After a boom-and-bust decade, the return of consistent macroeconomic growth and low interests rates makes it a great time to invest in infrastructure. Larry Summers, one of infrastructure’s chief advocates, often focuses on the country’s shrinking investment rates. My colleague David Wessel built on those arguments by showing that federal infrastructure investment barely keeps up with long-term maintenance needs. But the story is different outside Washington, where state and local investment is far outpacing federal spending and generating positive net investment in U.S. infrastructure.
This is a consistent theme in U.S. federalism today. In an era of federal legislative disarray, state and local investment levels confirm that our federalist laboratory is still heathy. And nowhere is that more true than surface transportation policy.
For more than a decade, Congress has been unable to solve an obvious investment crisis related to highway and transit funding. The combination of an ever-expanding spending program and static driving levels means that gas tax revenues haven’t matched spending since 2000. That shortfall has eaten away at trust fund surpluses and has required six general fund infusions just to maintain authorized spending levels—with another likely by this May. Even as Republicans and Democrats call for greater transportation investment, no one can agree on how to pay for it.
By contrast, states have begun to pick up the funding slack. Since 2008—the year of the first general fund infusion—23 states have increased their gas taxes. The states cover every region and represent the full political spectrum from red to blue. At the time of this writing, an additional six states are actively debating gas tax increases either in the legislature or with their governors. All told, these 29 states represent over 55 percent of the U.S. population.

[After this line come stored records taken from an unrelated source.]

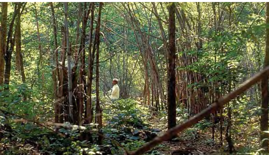
Extensiones de bambú que Mendha cosechaba bajo el JFM.

derechos CFR, los Departamentos Forestales deben otorgarle a la gram sabha el derecho de emitir pases de tránsito para bambú.
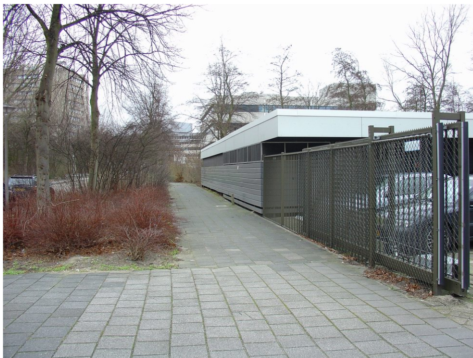
Hoge beplanting tussen het voetpad en de hoofdrijbaan van de Prof. Meijerslaan

Ons inziens zijn de leegstaande en verpauperde panden (voormalig GAK en Belastingdienst) aan Uilenstede en Prof. Meijerslaan ook een belangrijke factor ten aanzien van gevoelens van onveiligheid. Tijdens de workshop gaven vertegenwoordigers van twee bedrijven en van Intermezzo aan dat de verpauperde panden één van de belangrijkste problemen zijn in het gebied. (zie verder §3.2 en 3.3).
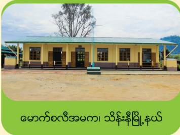
မောက်ဝလီအမက၊ သိန်းနီမြို့နယ်
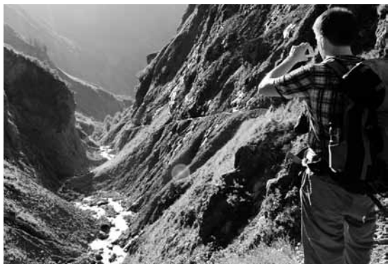
Ein einmaliger Blick ins Tal

Am dritten Tag nahmen wir in Zams den Bus bis Mittelberg. Das Tagesziel, die Braunschweiger Hütte, erreichten wir trotz leichtem Regen pünktlich und hatten endlich auch etwas Zeit, um nach der Wanderung noch zu entspannen und Bonanza zu spielen (unser Tourenspiel).
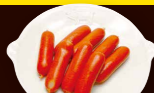
赤ウインナー 380円+税
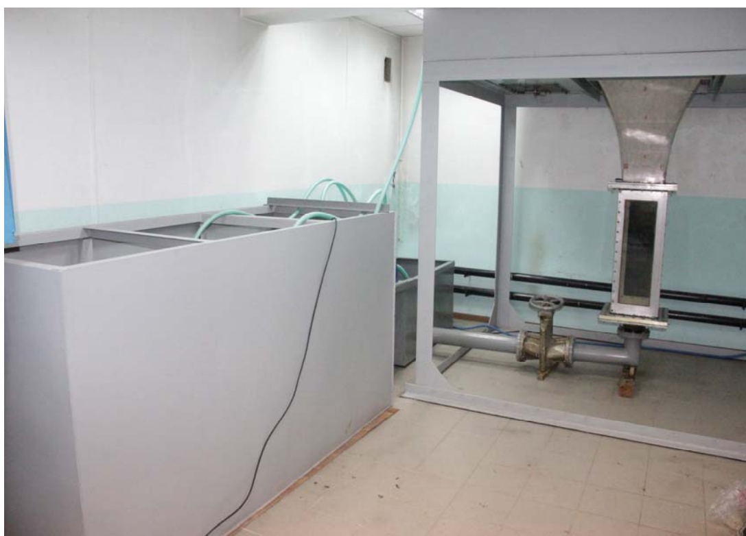
Гидравлическая труба вертикальная

Localities and their citizens are also active infrastructure investors. Since 2008, 25 of the country’s 100 largest metro areas have passed at least one ballot measure to increase transportation funding, ranging from sprawling Atlanta to car-centric Los Angeles. This list doesn’t include other regions and metros like Charlotte, Denver, Honolulu, Phoenix, and Utah’s Wasatch Front that passed similar referenda prior to 2008 and continue to build new transit lines, bike lanes, and roadway improvements each year.
Source: Brookings Institution
Note: Includes only ballot measures in the 100 most-populated metropolitan areas
Considering the gap between gridlock in Washington and local action, it’s time to start thinking about innovative ways for federal policies to boost transportation investment across the country.
First, federal policy people should provide more tools to help state and local partners. Leaders closer to home have the benefit of serving a public that knows exactly what it’s buying, and that familiarity facilitates building support for higher taxation or user fees. Using federal reforms to lower state and local borrowing costs—whether through loan programs like TIFIA or tax-exempt bonds like the administration’s QPIBs proposal—can help localities realize their transportation visions. Likewise, reforms to competitive grant programs like the New and Small Starts transit programs could reward places that invest in themselves.
Second, federal legislators should follow the lead of their state and local colleagues and figure out exactly where they want to invest. Considering the lack of political will to invest in national transportation infrastructure, simply asking for more money falls on deaf ears. National leadership should take a step back and consider why we invest in the first place. Whether it’s a freight program or the local innovation bill introduced by Sens. Cory Booker (D-N.J.) and Roger Wicker (R-Miss.), a more purposeful transportation program is a necessary step to building political consensus.
State and local efforts prove Americans still have the investment appetite. Policy frameworks need to catch up with this bottom-up federalist era.